本を読むことについて考えるー読む楽しさー
「どうして本を読むんですか?」
行きつけの接骨院の先生に聞かれて、戸惑ってしまった。
「ボク、あんまり読書しないんですよね。楽しさを教えてください!」
四十代前半の、絵に描いたような体育会系好青年の先生は、丸椅子に腰かけた私の背後に立って肩をぎゅうぎゅうと揉みながら、無邪気に問うてくる。
どうして?楽しさ?
改めて聞かれてみると、正直よくわからない。しかし、いつまでも黙っているわけにもいかないので、私はしどろもどろに答える。
「そのぉ・・・、世界とつながる方法として、読書が私に合ってるというか・・・」
「ほうほう!」
「読んだ内容について自分がなにを考えるかによって、自分自身を確認しているというか・・・。」
「なるほど!」
先生の手がすうっと首筋に動き、ツボをぐりぐりと刺激し始める。ズーンと痛みが響いて私は黙ってしまう。
「わかるような気がします!」
・・・たぶんわかってないよな。ここで前回書いたようなラッコの話などしたところで、余計混乱を招いてしまう。

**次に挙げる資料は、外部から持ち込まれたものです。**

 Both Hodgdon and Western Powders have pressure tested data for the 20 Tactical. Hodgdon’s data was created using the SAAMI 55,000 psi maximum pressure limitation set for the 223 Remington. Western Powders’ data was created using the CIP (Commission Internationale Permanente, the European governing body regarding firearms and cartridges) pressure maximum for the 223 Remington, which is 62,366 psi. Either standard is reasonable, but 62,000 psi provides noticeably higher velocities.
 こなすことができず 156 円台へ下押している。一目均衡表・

「ボクも友達に勧められて、たまーに読むこともあるんですけど」
と先生が自分の読書体験を語り始めたので、聞き役に回る。質問から解放されてほっと胸を撫でおろしつつ。
「おもしろいなーって熱中して読んで、あっという間に時間がたっちゃうみたいな、ちょっと旅してきたみたいな、おもしろさありますよねー」
確かに。あまり読まないという割にはわかっているのでは。
私の場合は、おもしろいなーって熱中して読む、というよりは、文章の中になにかを探りながら慎重に読むことのほうが多い。一文一文、自分の感覚に重ね合わせたり変換したりしながら、物語をほぐして自分に取り込む。主人公と考え方が合わなくても別にいいし、理解に苦しむ状況であってもいい。「なんだこりゃー」と思いながらも、「なんだこりゃー」と思っている自分が発見できたことが収穫になる。

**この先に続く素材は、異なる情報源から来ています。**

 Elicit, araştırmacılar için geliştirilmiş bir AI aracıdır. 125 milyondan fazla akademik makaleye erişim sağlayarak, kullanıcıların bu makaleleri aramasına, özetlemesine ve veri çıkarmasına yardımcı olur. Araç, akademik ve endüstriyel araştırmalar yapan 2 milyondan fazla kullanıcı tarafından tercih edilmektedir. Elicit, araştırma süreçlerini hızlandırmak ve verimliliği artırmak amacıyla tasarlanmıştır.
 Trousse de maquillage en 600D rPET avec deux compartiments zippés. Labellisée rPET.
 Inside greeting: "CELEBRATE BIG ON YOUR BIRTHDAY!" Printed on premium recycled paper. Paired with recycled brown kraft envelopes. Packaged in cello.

読み終わったあと、ふとした瞬間に物語と自分がつながるような感覚になって、「もしかしてこの感覚を描くための小説だったのでは」と、あれこれ思いにふけるのも楽しい。実は、読んでいる時間よりも、読後のあれこれ時間のほうが重要だったりする。あれこれ考えていたことが、また別の小説で描かれていて、思わぬ答え合わせができることもある。「やっぱりそういうことだったんだ」と、新たな世界の入り口を発見できたような気持ちになる。
「最後、ばんざいしていきまーす」
考えているうちにマッサージが終わりに近づいていた。先生の手に誘導されながら思い切り万歳をする。ゴリゴリゴリゴリと両肩の関節が鳴って「すごいですねー」と先生と笑い合う。
私の肩にかけていたタオルを外し「はい、いいですよー」とマッサージの終わりを告げる。
「ボクももっと本を読んでみますね!」
「はい」と答えながら、この人は本を読まなくても世界とつながっていける人なのでは、と私は勝手に思ってしまう。

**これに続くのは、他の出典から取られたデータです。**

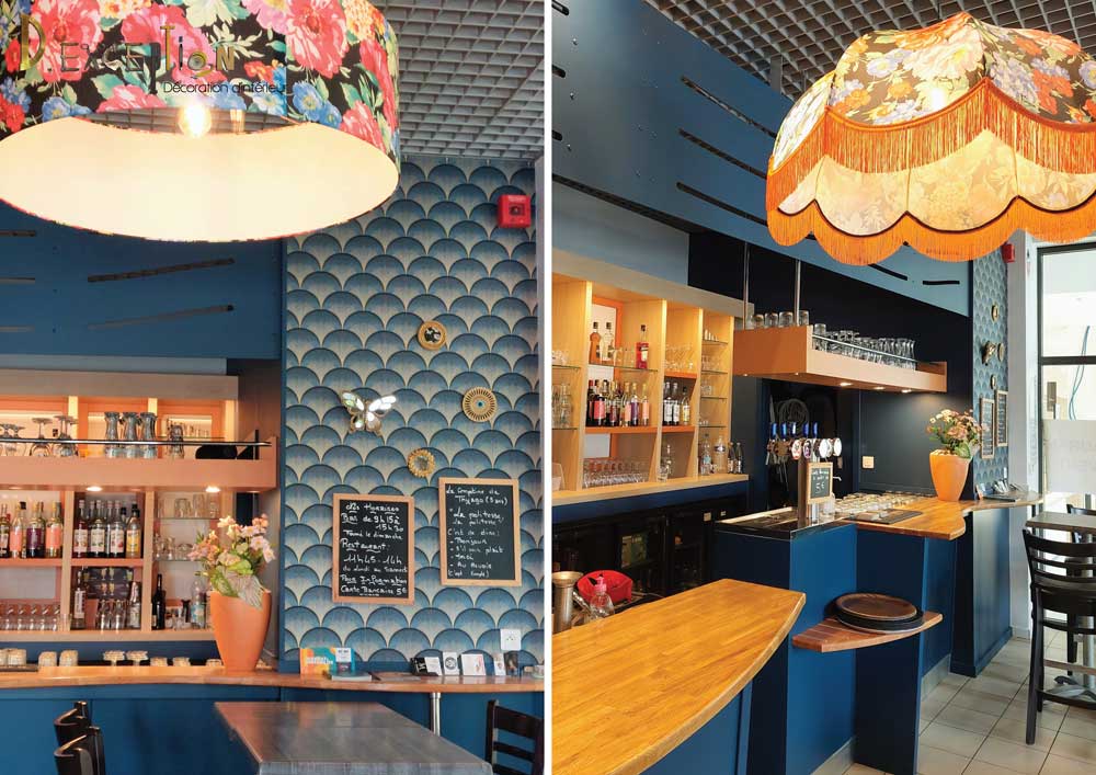 Bravo à Frédéric et Julien de Lacas Agencement pour le rénovation du bar, merci à Aurélie Cousin pour ses superbes abats-jours sur-mesure, et merci à Anthony de « Le monde des couleurs » pour la mise en peinture et la pose du papier peint.

世界とつながる方法はなんだっていい。スポーツが好きな人ならば、体を動かすことでつながるんだろうし、人と話すことが好きな人は、会話の中で自分を見つけられるんだろう。ゲームだって、仕事だって、きっとなんでもいい。そんなことを考えなくっても、無意識につながっている人のほうが、多いのかもしれないとも思う。
「たまーにでいいです。本当に読みたいと思ったときに。無理には勧めません」
お会計をしながら心の中で伝える。
「お大事に」と送り出されて、重たいドアをそろりとくぐった。
空は夕暮れを過ぎて夜に突入しようとしている。湿った空気が鼻先をかすめて、なにかの感覚がよみがえりそうになった。今読んでいるあの本の、あの一文かもしれない。私はかばんの上から、中に入っている本をそっと撫でた。